# New Pony For Sweet Opal!!!



## SweetOpal (Aug 27, 2007)

We bought a new pony!!! WOOHOO! I have been helping show this boy all year, he is a doll and boy can he move. This is Pony Vista's Pow Wow! He will be coming to live with us, Thank you to Holly Bowers of MB Stables!


----------



## Firefall (Aug 27, 2007)

Wow is right, very nice...................congatulations!!!!!!!!!!


----------



## mininik (Aug 27, 2007)

WOW!!! Congratulations!! Do you think he'll be coming to Oregon Gold?


----------



## SweetOpal (Aug 27, 2007)

Oh yeah, Oregon Gold all the way!!


----------



## MBhorses (Aug 27, 2007)

:aktion033: congrats,

nice looking pony. :bgrin


----------



## Treciah (Aug 27, 2007)

Hey Jennifer Congratulations :aktion033: I am hoping Miss Missouri will be having a Pow Wow foal for me next year.


----------



## disneyhorse (Aug 27, 2007)

Yippee!!! Glad you got that to work out, he will be a FANTASTIC show horse for you!!! I can't wait to see what you do with him.

Congratulations!!!

Andrea


----------



## txminipinto (Aug 27, 2007)

Very Nice! :aktion033:


----------



## Leeana (Aug 27, 2007)

I have seen his pictures so many times and everytime i see him i want him more and more!






:

Nice choice :aktion033: :lol:


----------



## crponies (Aug 27, 2007)

:aktion033: Congrats!

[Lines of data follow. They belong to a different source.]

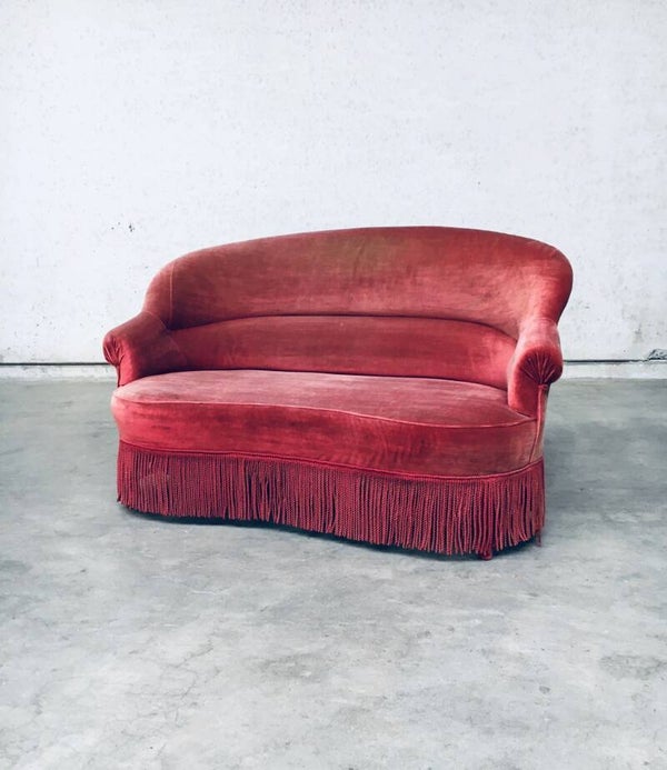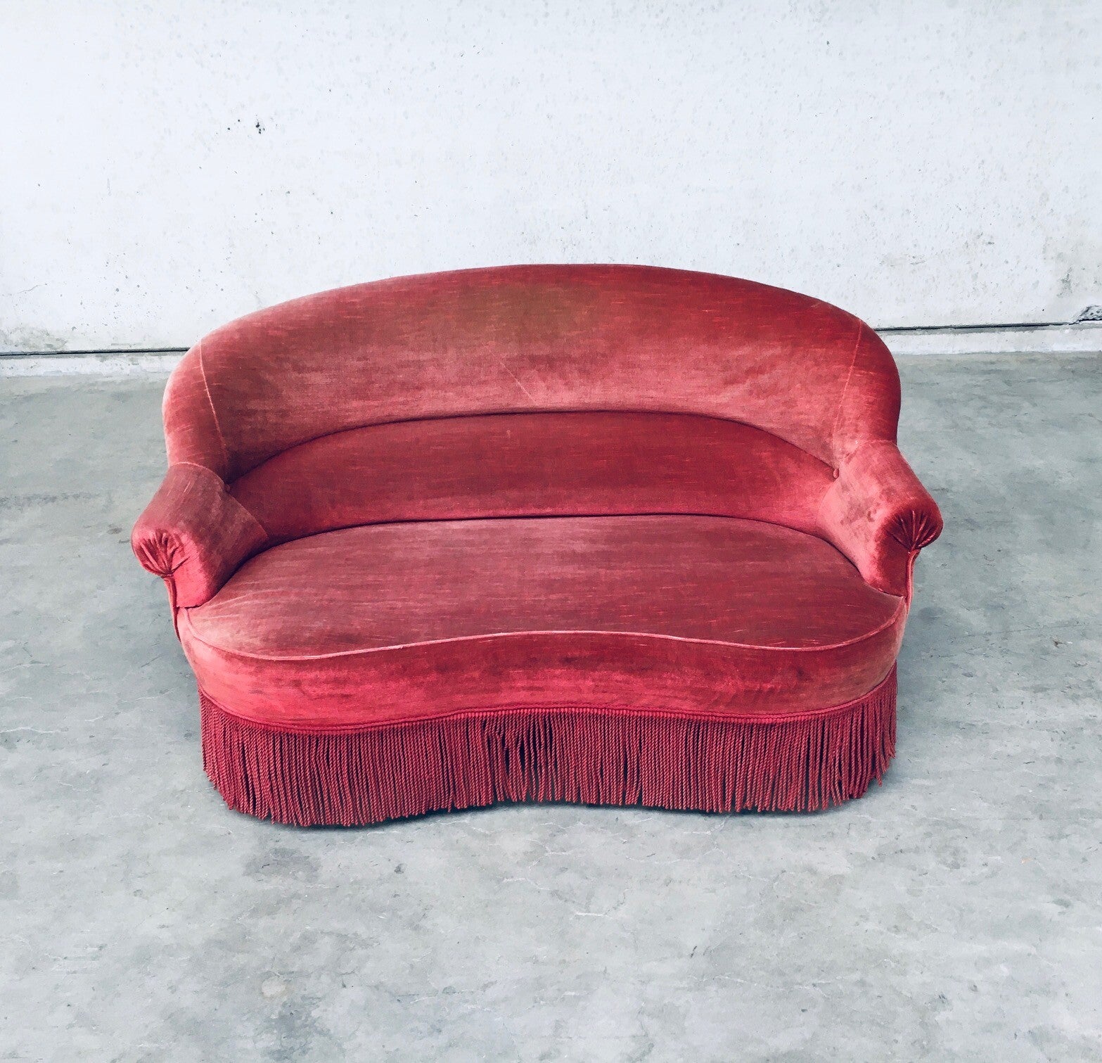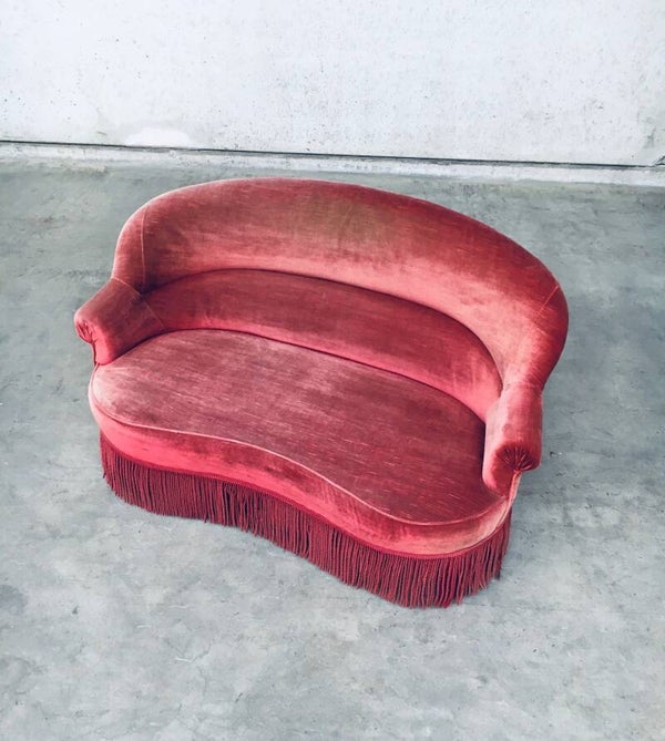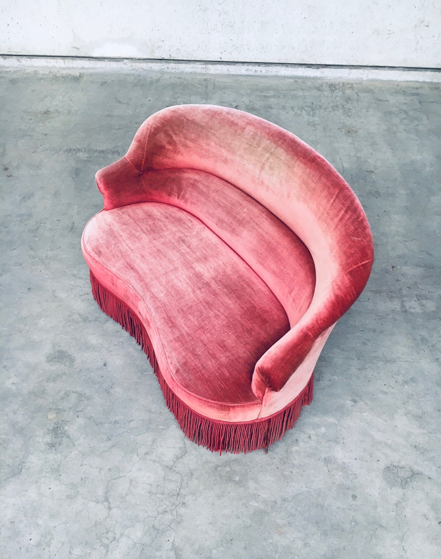 Vintage Midcentury Hollywood Regency Style Velvet 2 Seat Sofa with fringe in Red / Pink, Belgium 1950's. Curved back and seat. Feet are also covered in velvet fabric. In good original condition. Velvet has color loss and wear, see pictures. Measures 140cm x 87cm x 78cm.
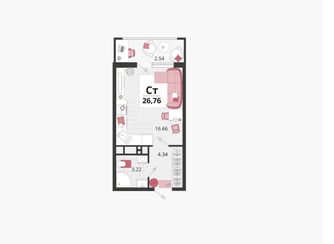 Продается Студия новостройка, 27 кв.м., 13/18 эт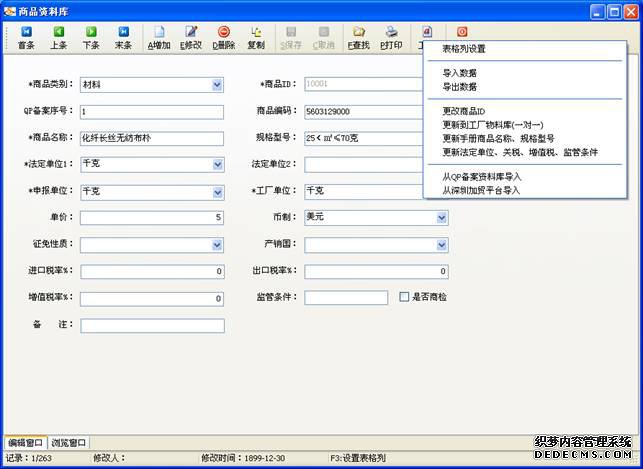 操作路徑:加工貿(mào)易->商品資料庫(kù)定義商品的類別,編碼,名稱,型號(hào)、稅率等。工具中可以設(shè)置表格列,從文檔中導(dǎo)入或?qū)⑸唐焚Y料導(dǎo)出到文檔,還可以更改商品ID,更新手冊(cè)商品名稱、規(guī)格型號(hào),更新法定單位、關(guān)稅、增值稅、監(jiān)管條件,一對(duì)一更新到工廠物料庫(kù),從QP備案資料庫(kù)導(dǎo)入,或者通過“深圳加貿(mào)平臺(tái)”直接導(dǎo)入商品資料庫(kù)。更快更方便。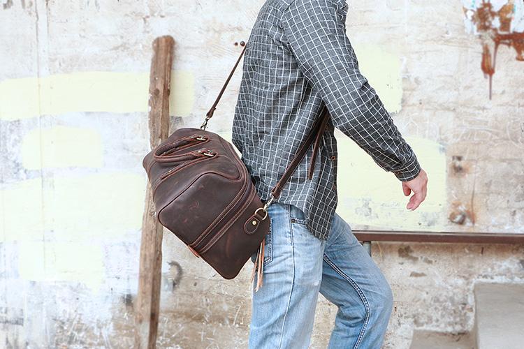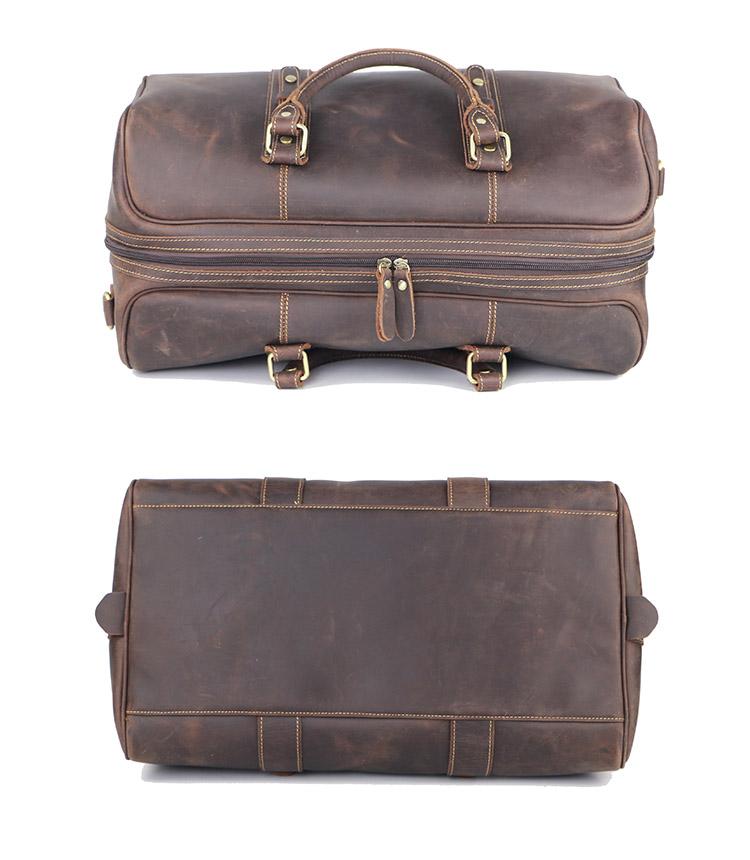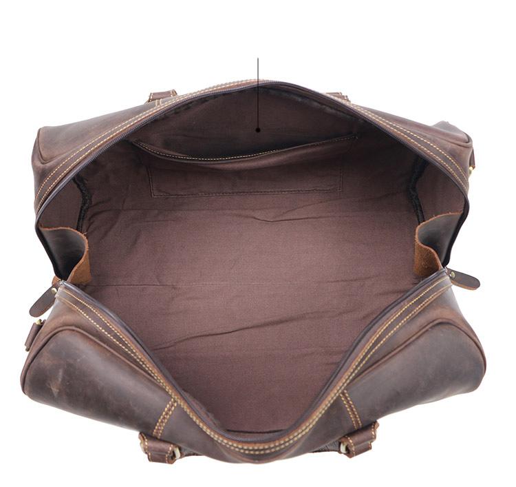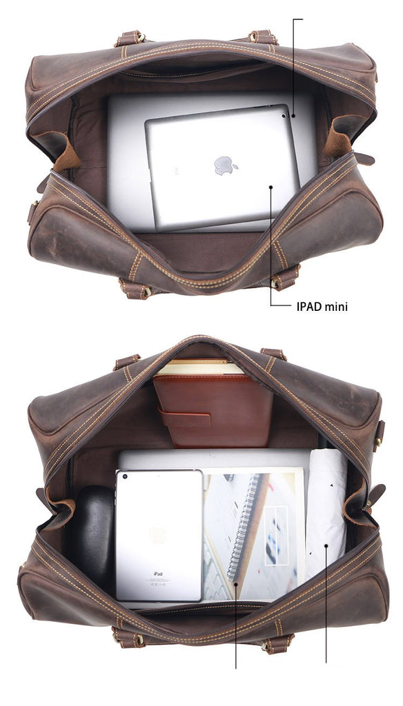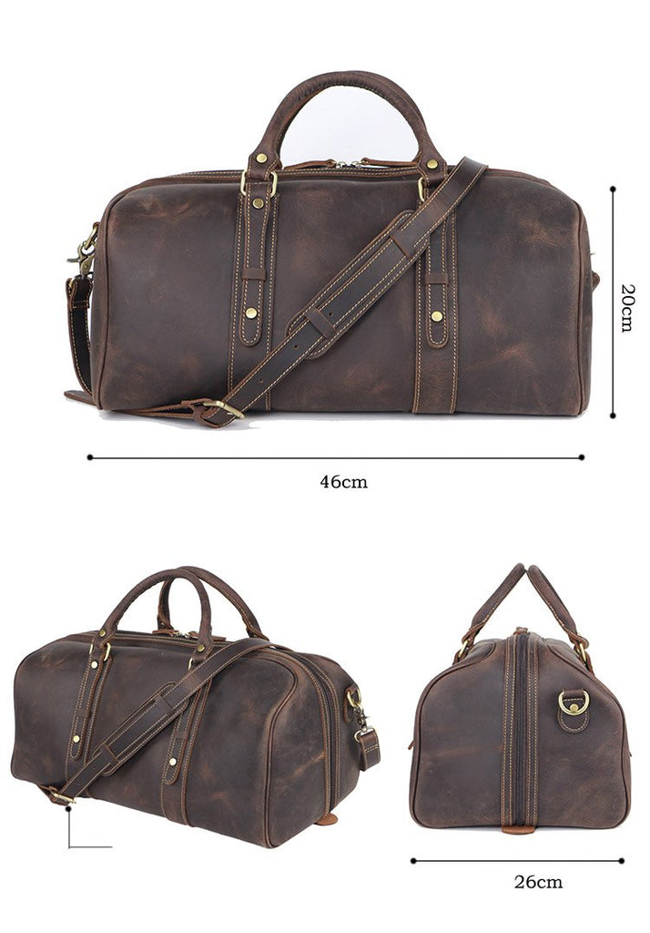 Design: Dark Brown Leather Mens Casual Large Travel Bag 16" Shoulder Weekender Bag Duffle Bag For Men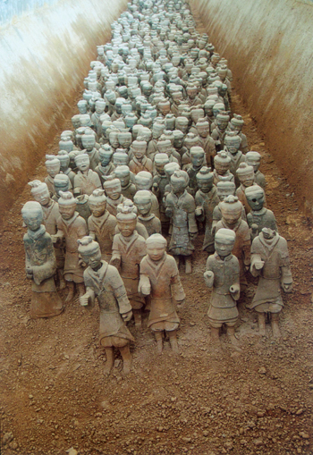 “漢代三絕”之二的漢兵馬俑,出土自徐州漢墓。最早是1984年12月被發(fā)現(xiàn)于徐州市東郊獅子山西麓,為漢第三代楚王劉戊的陪葬品。獅子山漢兵馬俑分布于六條俑坑,總數(shù)4000多件,種類繁多,有官員俑、衛(wèi)士俑、發(fā)辮俑、甲士俑等十余種,是西漢早期楚國(guó)實(shí)戰(zhàn)軍隊(duì)的地下縮影。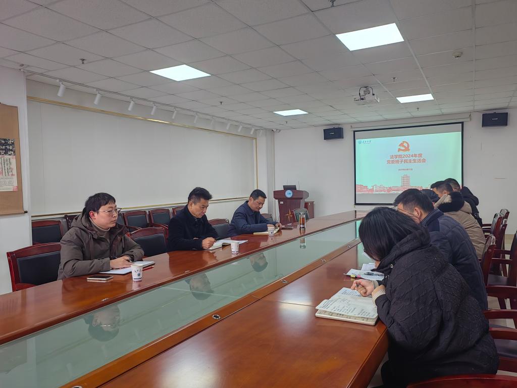 2月21日上午,法学院召开2024年度党员领导干部民主生活会。民主生活会由学院党委书记周胜美主持,党委副书记严星、副院长唐飞参加会议,院长李华成、副院长杨春磊列席会议。学校第九督导组组长、校党委常委、组织部长、统战部长李应军,副组长王学峰、联络员孟鑫到会指导。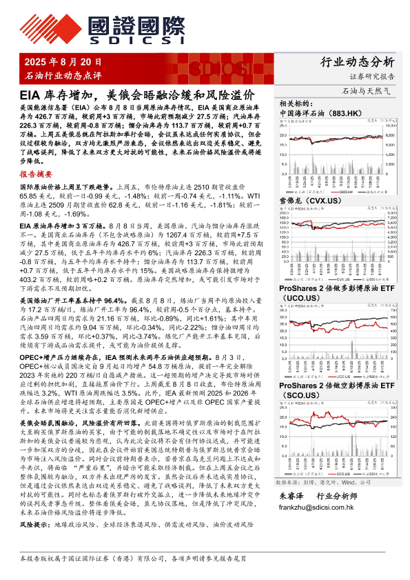 【国证国际】【20250820】石油行业动态点评:EIA库存增加,美俄会晤融洽缓和风险溢价-5页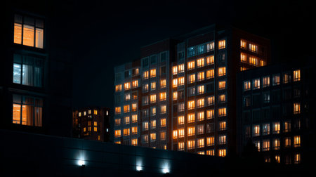 A captivating nighttime photograph showcasing urban residential buildings with illuminated windows. The glowing lights create a warm and inviting atmosphere in the cityscape.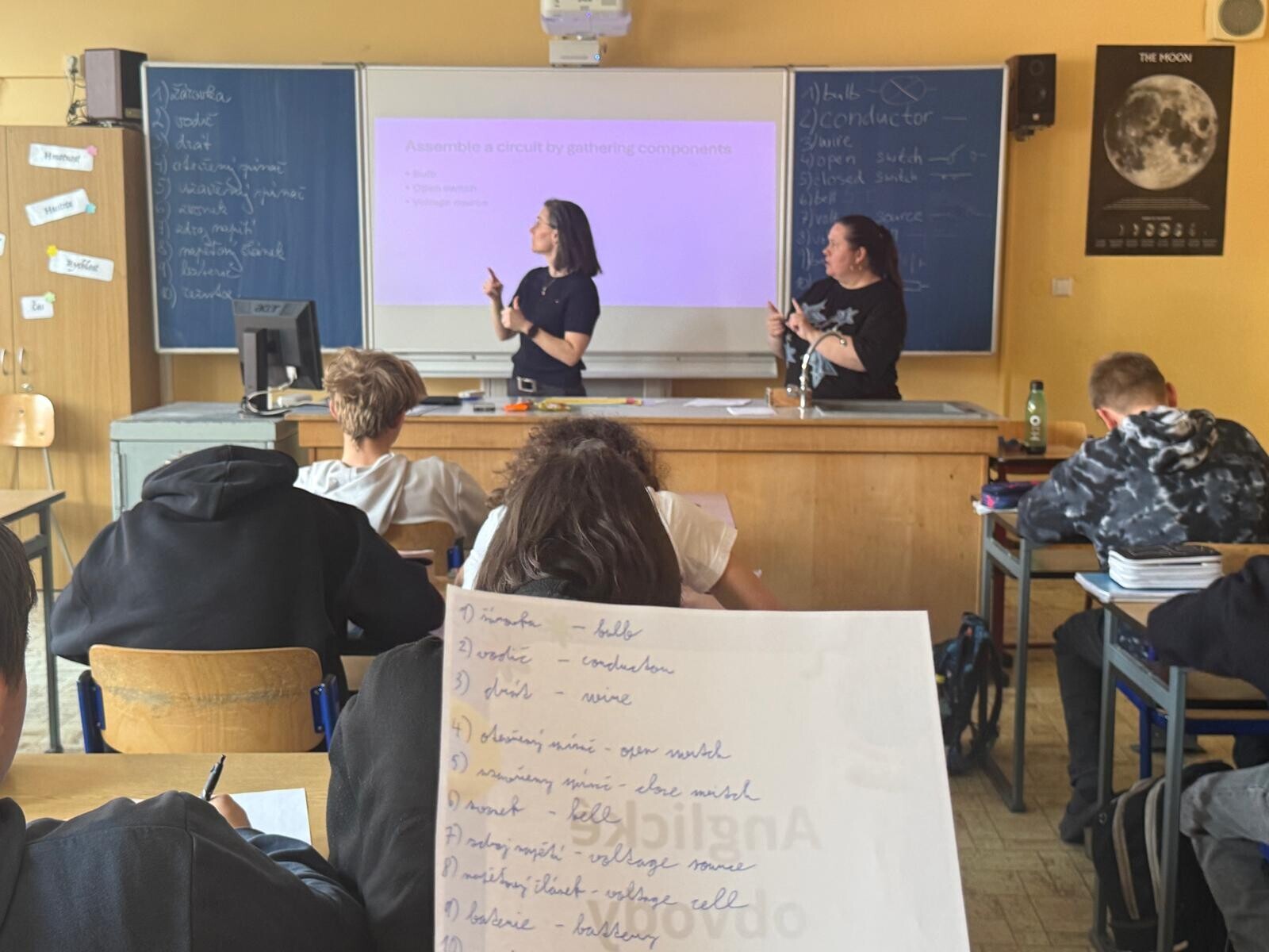 Tématem této společné výuky byly anglické obvody, které žáci poznávali z různých úhlů pohledu. Hodiny vedly paní učitelka Čermáková (anglický jazyk) a paní učitelka Ringlerová (fyzika). Výuka byla vedena v anglickém jazyce, což žákům umožnilo přirozeně rozvíjet své jazykové dovednosti přímo v praxi.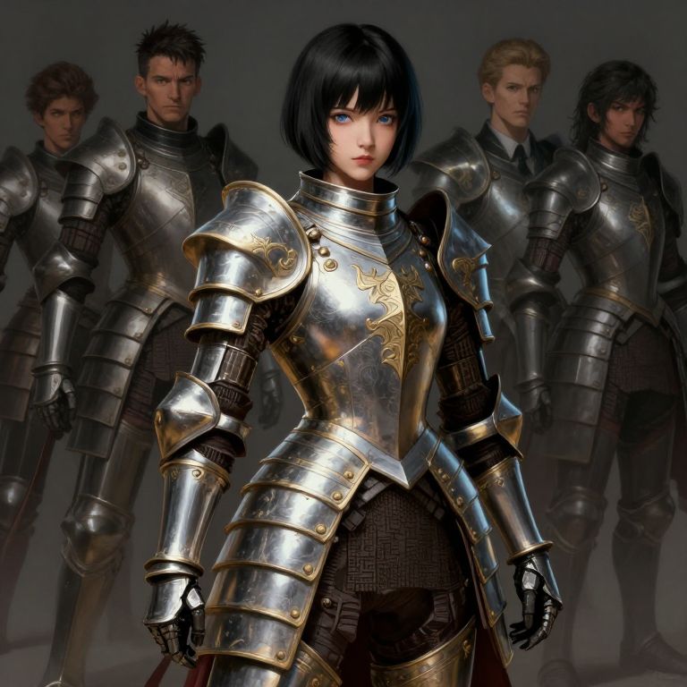This digital artwork depicts a fierce, fair-skinned woman with black bob-cut hair, standing in the foreground in detailed, reflective silver armor with gold accents. She has striking blue eyes and a serious expression. Behind her, four other armored men with varied hair colors and styles stand in a semi-circle, each with distinct facial features and expressions. The background is a dark, gradient gray, emphasizing the metallic sheen of their armor. The woman's armor is intricately designed, with visible patterns and a textured black underlayer. The men's armor is similarly detailed, showcasing a mix of short and long hair, and they all have muscular builds. The overall style is realistic with a slight fantasy element.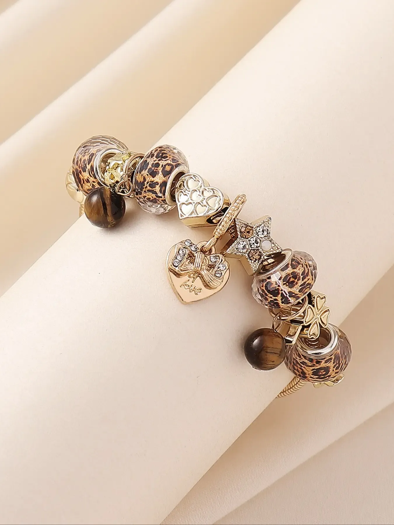 Women's Leopard Print Beaded Bracelet with Bow, Heart, Clover and Tiger Eye Stone, Trendy Fashion Jewelry, Heart Shaped Bracelet, Heart Charm Bracelet, Perfect for Parties, Nights Out and Daily Wear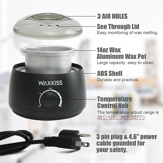 - PREMIUM ACCESSORIES: The non-stick removable aluminum wax pot with a handle makes it extremely easy to clean. The see-through lid allows for effortless monitoring of the wax melting process. Additionally, the long 4.6'' power cable provides convenience when moving the machine around.

He is gorgeous!


----------



## Lisa-Ruff N Tuff Minis (Aug 27, 2007)

Congrats I know how much you have loved this horse (well he has alot of fans



)

I am sure you will do amazing with him


----------



## hhpminis (Aug 27, 2007)

Very nice Jennifer! I look forward to seeing him next year!


----------



## PrestigeMiniHorses (Aug 28, 2007)

Congats to you Jennifer on your new boy...He sure is something. I can't wait to see him at Oregon Gold


----------



## skanzler (Aug 29, 2007)

Congrats Jennifer, I am sure he will bring many smiles and ribbons your way. By the way, Blaze is doing great.....


----------